Could you possibly reformat this text in Cyrillic? At least when reading Russian I expect everything to look like all-caps. Interesting work, JoeLA. You want a good opinion? Get help. You have a real problem with women in general, and you are blaming this all on your ex, without realizing that maybe a. she just wasn't the right person for you or b. you just hate women in general, and it's all her fault. I feel bad for you that you can't see how destructive these feelings are. All men have dated women they couldn't stand after a messy breakup, but dude, to take one experience and use it as an excuse to condemn all women is just a sickness.
It's over. Move on. But try and learn some more about yourself before you find yourself in another dysfunctional situation.
And stop writing in caps. It is considered shouting, and very rude on the internet. Maybe your doing it says something about you!
Some choice quotes from Broken's alter-ego:
[quote=JoeLA]Yes, I said it, but I guess what I mean is that men should be able to have any women he wants, without worrying about losing her in the future because she gets tired of him. [/quote]

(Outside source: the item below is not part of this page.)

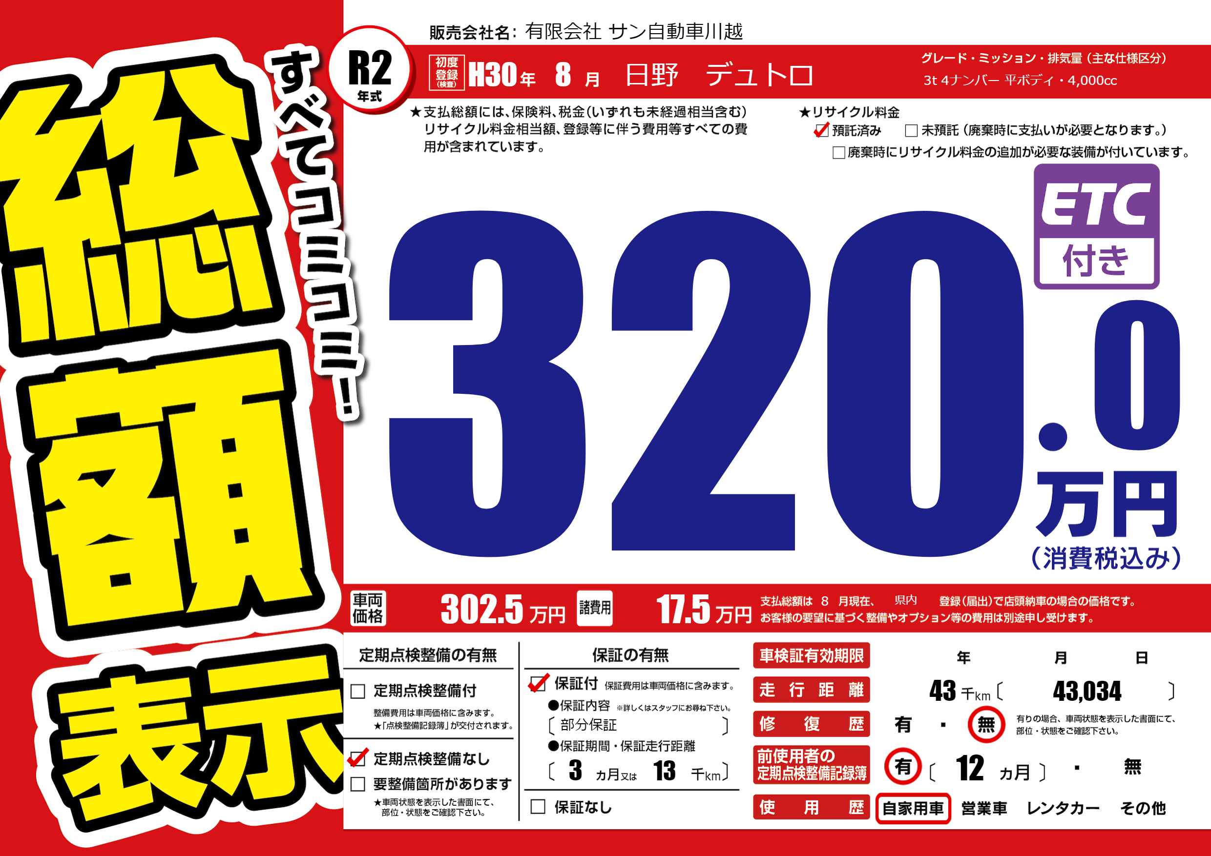 | 車名 | 日野 デュトロ | グレード ミッション 排気量 |

[quote=Joe]i just don't trust [women][/quote]
[quote=Joe]If a man is powerful and rich, you can treat your women however you want and she will take it. [/quote]
Brooke also made a wise comment about your not wanting to be romantic... thinking it superfluous. Somehow, I get the impression that you're leaving a hell of a lot out, Joe. You can't just let a relationship be languid. You have to work to keep it living, just like you had to work to start it in the first place.
Well since Broken and Joe are obviously the same person, let me direct my response to Joe and Broken
Joe and Broken
What the hell do you mean "you let her go see here family"? Marriage is not an ownership of your spouse Buddy!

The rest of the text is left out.